Question

How Do You Handle External Bioinformatics Programs During Testing?

2

Entering edit mode

13.7 years ago

Andrewjgrimm ▴ 460

What approach do you take to using external bioinformatics software during testing of your code?

For example, if one of your components used clustalw, which you have installed on a Linux server but not on your Windows workstation, which approach would you take?

Let your code run the external program - if it doesn't exist, let it die horribly and fail its tests. Advantages: laziest solution. Disadvantages: lots of failing tests can hide other failures that may only appear when you run it on your Windows workstation.
Skip tests that wouldn't pass on your platform. For example, skip the tests for the clustalw-using software when you're running it on your Windows workstation.
Mock the program out somehow?
Something else?

Edit: The software isn't a package that will be used by anyone else. It'll just be used by myself (barring being hit by a bus) for my current project.

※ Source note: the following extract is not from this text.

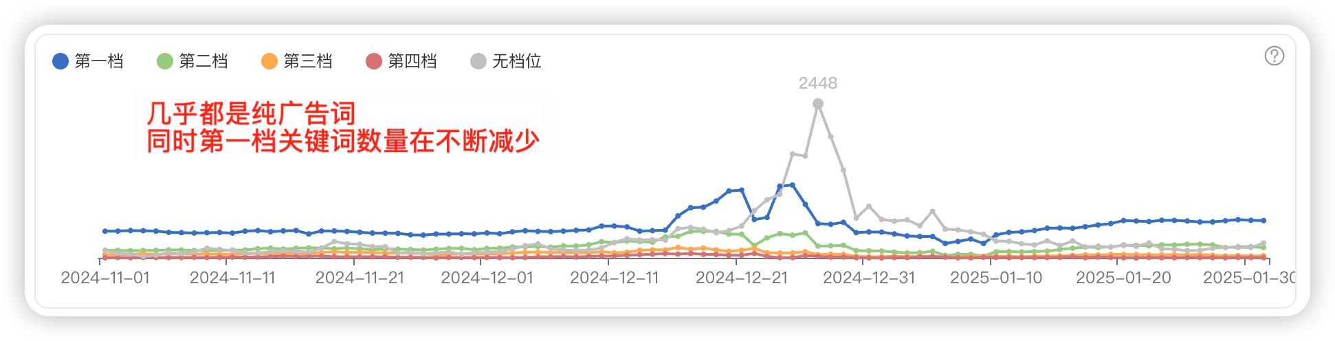 答: 广告词数量在12月23日左右出现了爆发式增长。早在 11 月中旬我们就会发现广告词在缓慢的增长。(见左上图,粉色线条)

The project is written in ruby. I assumed most bioinformaticians use scripting languages unless they have to optimize for speed, but maybe that's not the case.

• 2.6k views

ADD COMMENT • link updated 13.7 years ago by Michael 54k • written 13.7 years ago by Andrewjgrimm ▴ 460

2

Entering edit mode

I don't get your point. If some external program is a dependency for your program, why should it not die and fail the corresponding tests if you attempt to run it on a platform where one of the required dependencies are not present?

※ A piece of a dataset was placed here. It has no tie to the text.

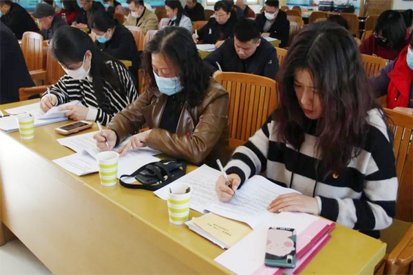 述職結束后,與會人員現場填寫評議測評表,對16個支部書記抓基層黨建工作情況進行了測評。
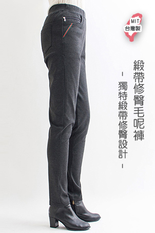 折100再打9折-台灣製緞帶修臀毛呢修身褲(M-3L)

ADD REPLY • link 13.7 years ago by Lars Juhl Jensen 11k

1

Entering edit mode

I think this is a quite common question, though not specific to bioinformatics. It applies in general to software configuration an dependency management. So could be asked on Stackoverflow, but I see no need to vote this down.

ADD REPLY • link 13.7 years ago by Michael 54k

0

Entering edit mode

I stick with one platform - Linux - where I can use simple commands such as "which" to check if an executable exists.

ADD REPLY • link 13.7 years ago by Neilfws 49k

0

Entering edit mode

I agree with Lars. If the dependency isn't there, then even later the user won't be able to run it. But, make it optional to compile your package without the component so that the user can still use the rest.

ADD REPLY • link 13.7 years ago by Michael Kuhn 5.0k

0

Entering edit mode

Skipping tests based on certain conditions then reporting them as skipped is a common way to go. Most testing frameworks will support this behavior.

ADD REPLY • link 13.7 years ago by Istvan Albert 100k

score 4 · Answer 1 · 2010-08-20

Ideally, this should be handled during configuration phase, not testing, because that might be too late. If you use something like a configure, make, make check, make install build process, as a user of your program I would like to see the following:

the program is essential, no way the program is going to run without it, have configure fail, or fail within the installer if distributing a binary build, put the dependency in the README file and documentation.
the program is optional, then during configure turn off the features relying on it and skip tests for it

When distributing a binary build as a debian package or rpm, mark the dependency in the package, then it should be resolved automatically.

Edit after seeing yours:

The most important thing is to document dependencies in one or another way even if only "using the code yourself", you can never be sure about using your code alone anyway, you might also leave for good, just a matter of courtesy to leave dependencies documented. And, after half a year or so, my own code looks to me as if written by somebody else ;)

One way to document dependencies is the language specific documentation tools and build mechanisms like package descriptor files, POD docu for perl, javadoc, etc. No idea what that would be for ruby. Possibly writing a little installer script in ruby, that checks if the program can be run would also make your life easier if your program needs to be installed in several environments.

score 4 · Answer 2 · 2010-08-20

The way Biopython handles this in running the tests is to raise a specific error type (MissingExternalDependencyError) and then catch and report it to stderr without failing the test. For instance, the clustalw runner checks for all the various places clustalw could be and then raises the error if it can't find it:

http://github.com/biopython/biopython/blob/master/Tests/test_Clustalw_tool.py

The test runner catches the error, and reports it to stderr:

http://github.com/biopython/biopython/blob/master/Tests/run_tests.py

This is a compromise between failing the test and silently ignoring the problem. As Lars mentioned, this only makes sense if other parts of your package can be utilized even if the external program is missing.

score 1 · Answer 3 · 2010-08-20

Some large packages are tricky to install, i.e. requiring tens of Perl modules, or some specific gcc version, libraries etc. Also it is hard to tell if after getting a ton of new stuff one will use program in question (it may simply not work on your data). Therefore for more hairy installs I am using VirtualBox + Debian. That way I can put inside whatever program developers happen to fancy at the moment without going insane and messing up either my workstation or even some junk box previously used for testing. Things run slower inside VirtualBox, but if you add the installation time to run time, not to mention "untangling the mess on my workstation time", it is still a win for programs not run on daily basis or so.